Beef Bourguignon has one of those infamous reputations as something so complicated, so time-consuming, so over-the-top and difficult that it's not practical to make. It's so not. I'll tell you what's difficult: making sushi is difficult. Just making the rice alone is a multi-tiered maze of tasks which, in the slightest deviation, can lead to a ruined product. And that's aside from julienning all those veggies and properly-stored fish, assembling the rolls, getting them rolled up and sliced without looking too pathetic and lumpy. Not to say it isn't amazing and fun, but it definitely deserves a BB-esque badge of bother. Beef Bourguignon is basically beef stew that's had the sexy and expensive factor kicked up ten notches. And no, you're not going to have to stay up until 2 am waiting for it to finish, either (so give me a break, Amy Adams. Drama queen).
For this honorary dinner I resurrected the same version I made at the party. No, it's not Julia Child's original. I don't feel right all of a sudden using her recipes when I never have; it seems disingenuous. Instead, I refer to my very own Julia: Ina Garten. The Barefoot Contessa's recipe follows as you would expect: good olive oil, the best bacon, 1/2 a cup of freaking Courvosier. You also need to sacrifice an entire bottle of fairly decent wine, and we bought the organic chuck roast and vegetables. But when Matt comments on the authenticity of the "real" carrots, it feels so worth it.
I prepped and assembled the dish last night, which is the way to go twofold: it cuts up the cooking time, and allows the flavors to marinate and develop in the fridge overnight. Here are the basics that cook down together in the great Le Creuset: chuck patted dry, liberally salt-and-peppered and then browned in small batches of the rendered bacon fat and olive oil to get that nice crust that sustains through out the cook-down process, a whole mess of onions and garlic, carrots and lush mushrooms.

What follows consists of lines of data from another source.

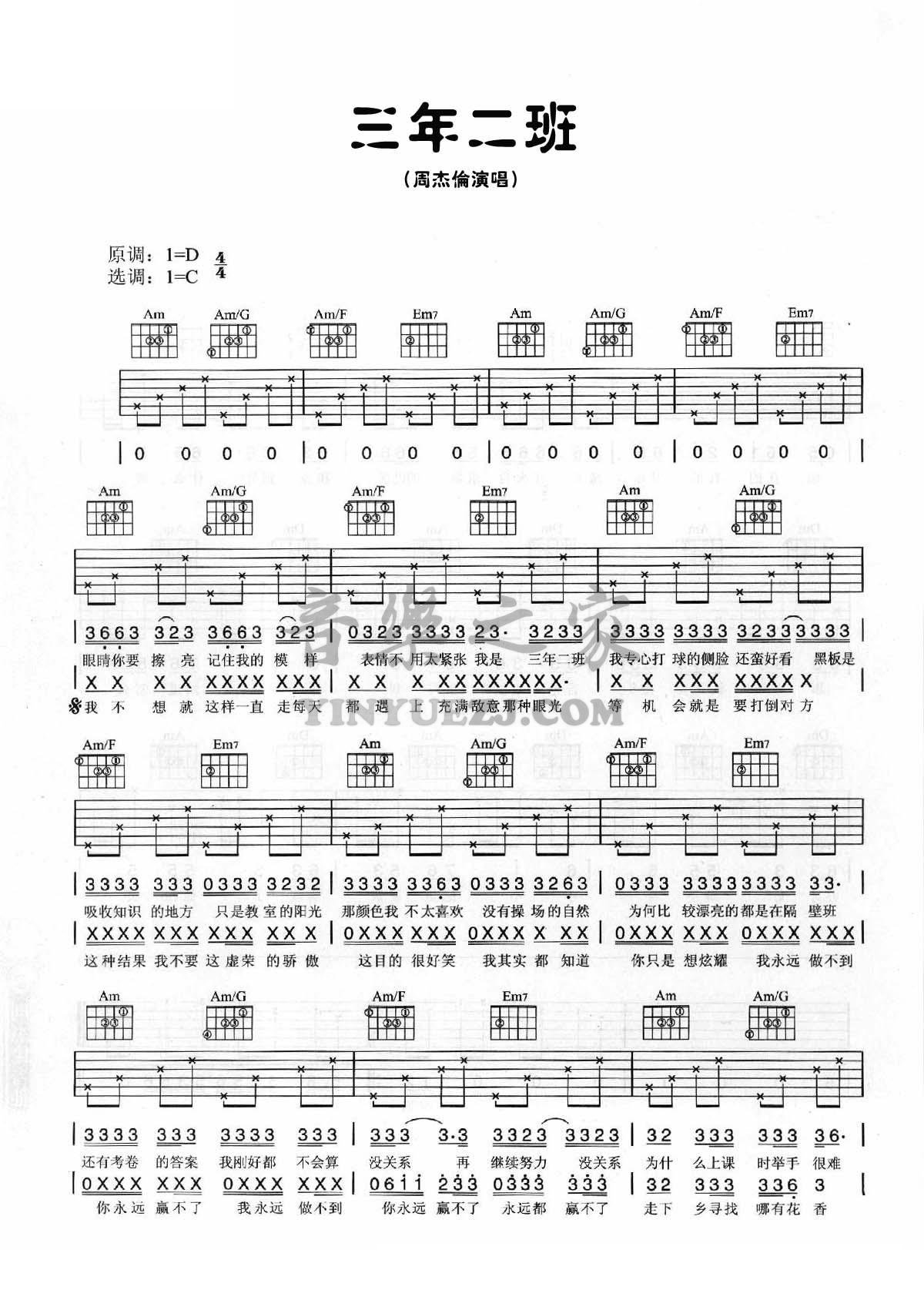 周杰伦《三年二班》吉他谱,YYZJ编配出品,共有2张高清图谱,免翻页排版设计。...
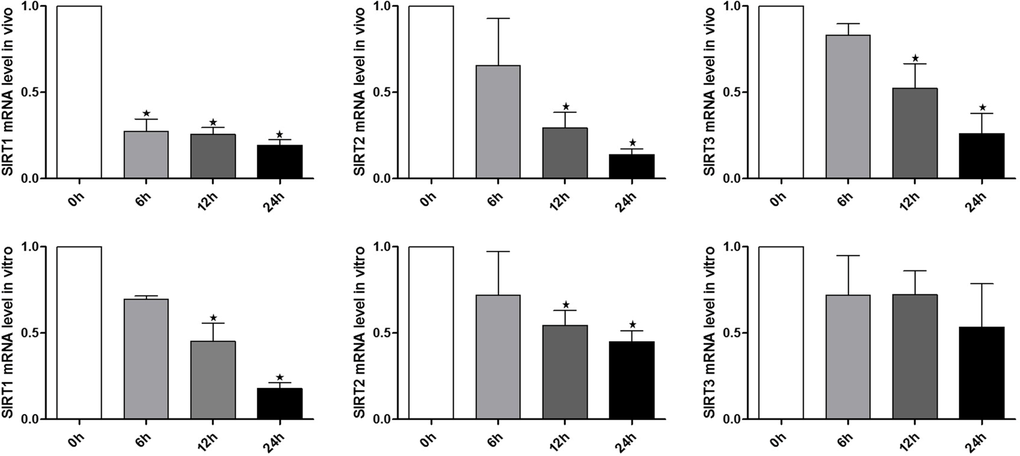 To explore the potential involvement of SIRT1, 2, 3 during the oocyte aging process, in vivo and vitro-aged oocytes were collected to analyze the mRNA expression. Notably, results from real-time RT-PCR revealed that SIRT1, 2, 3 mRNA levels significant decreased in MII oocytes aged in vivo or in vitro, when compared to fresh MII oocytes (Figure. 1). Oocytes showed a significant time-dependent decrease in SIRT1, 2, 3 mRNA levels, suggesting that SIRT1, 2, 3 may contribute to mouse postovulatory oocyte aging.
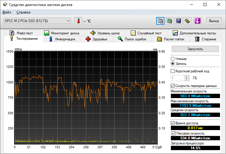 Бенчмарк HD Tune Pro, как обычно, скептичен больше прочих и показывает приземленные скоростные значения. После нескольких прогонов, максимальный результат по скорости чтения и записи составили 1192,7 Мбайт/с и 1103,9 Мбайт/с соответственно. И это на первом прогоне. При дальнейшей нагрузке на накопитель пропускная способность стала чуть ниже и результаты упали до 1056,1 Мбайт/с при записи и 1148,2 Мбайт/с при чтении.
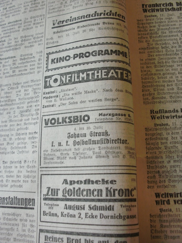 | Datum zveřejnění programu | 1933-07-11: Volksfreund | 1933-07-11 | 159 | 100 |
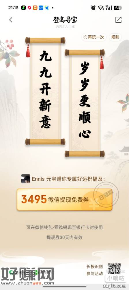 微信支付有优惠-重阳登高寻宝活动-玩小游戏得微信提现免费券,有效期一个月。
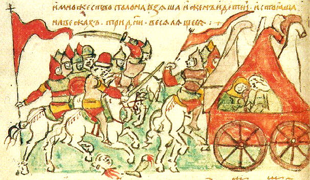 Первое летописное упоминание о появлении половцев у границ Руси относится к 1055 г. и содержится в одном из списков «Повести временных лет». В тексте указано: «В семъ лете приходи Болушь с половьци, и сотвори Всеволодъ миръ с ними, и возвратишася половци вспять, отнюду же пришли».[1]Несмотря на отсутствие каких-либо указаний в источнике на воинственное поведение половцев, в отечественной историографии ещё с XIX в. утвердилось восприятие кочевников, как враждебной «азиатской» силы, препятствующей экономическому и политическому развитию Руси.

If your house is smelling kind of blah and you're out of candles, just start cooking up beef bourguignon. From the first bacon fry to the onion sizzle, savory flavors permeate the space in layers. And as the scents shift, the flavors in your eventual dish deepen. It's just such a rich, productive cooking experience knowing this is going to be soo good tomorrow!

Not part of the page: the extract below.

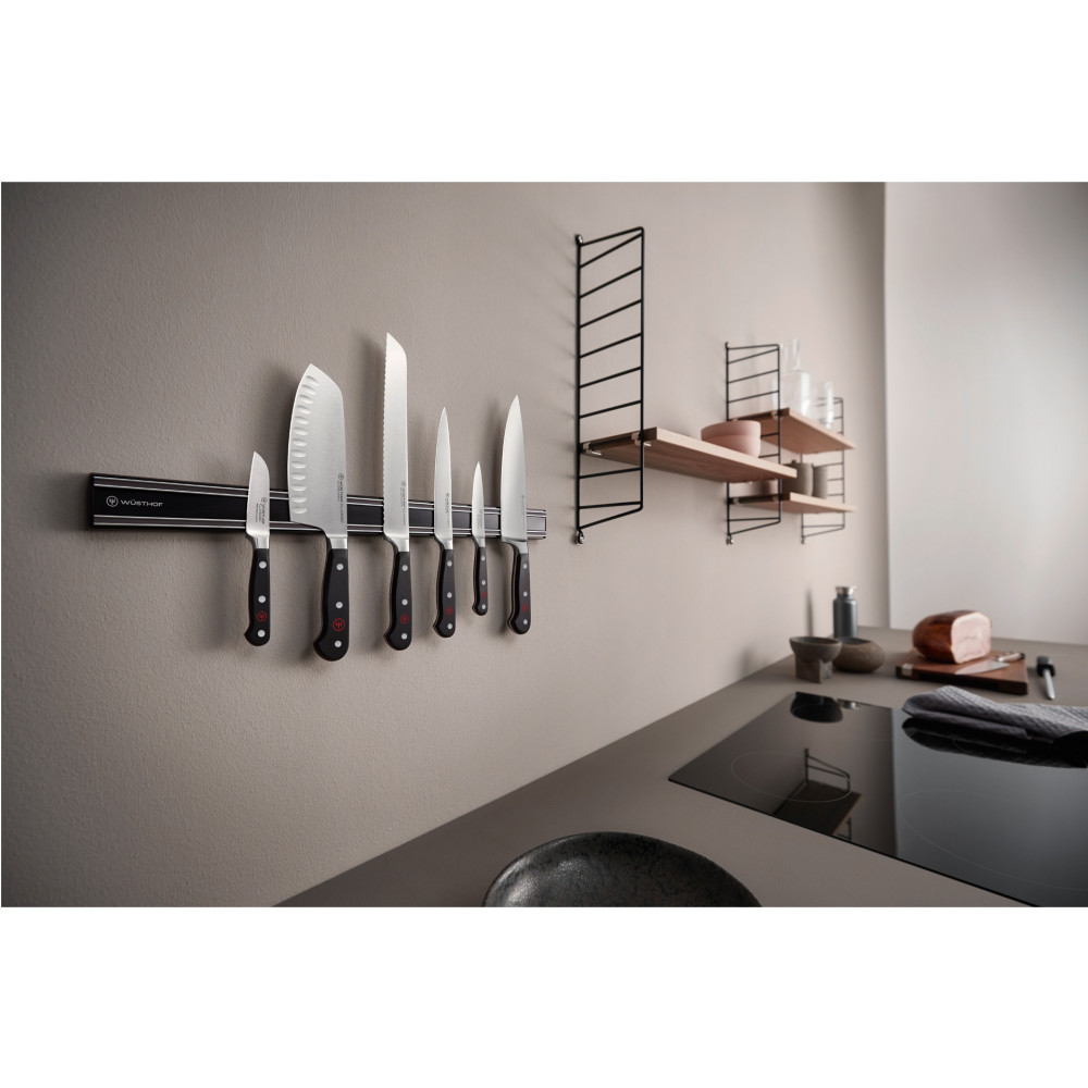 Listwa magnetyczna na noże marki Wusthof zapewnia bezpieczne i higieniczne przechowywanie noży. Mocny magnes utrzymuje noże stabilnie na miejscu, eliminując ryzyko przypadkowego skaleczenia oraz zapewniając łatwy dostęp do każdego narzędzia.

And then, just as everything is starting to marry and meld together, you pull out that entire bottle of rich red wine and dump the whole thing in. Yep, keep going. Don't stop. Like legendary coq au vin, the meat melds overnight with the wine to become one with the wine. The meat absorbs the red wine, the red wine absorbs the meat juices, and once you have a bite you can't imagine one without the other.

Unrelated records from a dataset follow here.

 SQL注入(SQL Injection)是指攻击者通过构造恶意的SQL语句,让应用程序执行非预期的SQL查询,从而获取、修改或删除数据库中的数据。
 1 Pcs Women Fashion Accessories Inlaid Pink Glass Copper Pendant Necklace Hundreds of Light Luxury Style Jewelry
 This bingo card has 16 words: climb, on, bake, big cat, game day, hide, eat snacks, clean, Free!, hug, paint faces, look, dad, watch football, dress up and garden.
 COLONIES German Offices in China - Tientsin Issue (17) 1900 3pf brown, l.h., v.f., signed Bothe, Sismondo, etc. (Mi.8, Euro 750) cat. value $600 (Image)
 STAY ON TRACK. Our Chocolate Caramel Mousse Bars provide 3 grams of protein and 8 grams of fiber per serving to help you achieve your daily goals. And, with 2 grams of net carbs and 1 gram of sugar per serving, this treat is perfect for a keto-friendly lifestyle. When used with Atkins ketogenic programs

After cooking on the stove, the pot is baked in the oven for a little over an hour. This is where I allowed the dish to cool and go in the fridge while we sat down to watch The Town.
As we enjoyed the smell of promise from the living room, we discussed what exactly we should be serving this over. My #1 vote was a fluffy bed of parmesan polenta, which I still think would have been mind-blowing, but Matt doesn't like polenta. He was clamoring for potatoes au gratin, but I insisted that it would be much too rich. Reminds me of those people in the South that eat their gumbo over potato salad. I proposed a happy medium: oven-roasted baby red potatoes, smashed to serve.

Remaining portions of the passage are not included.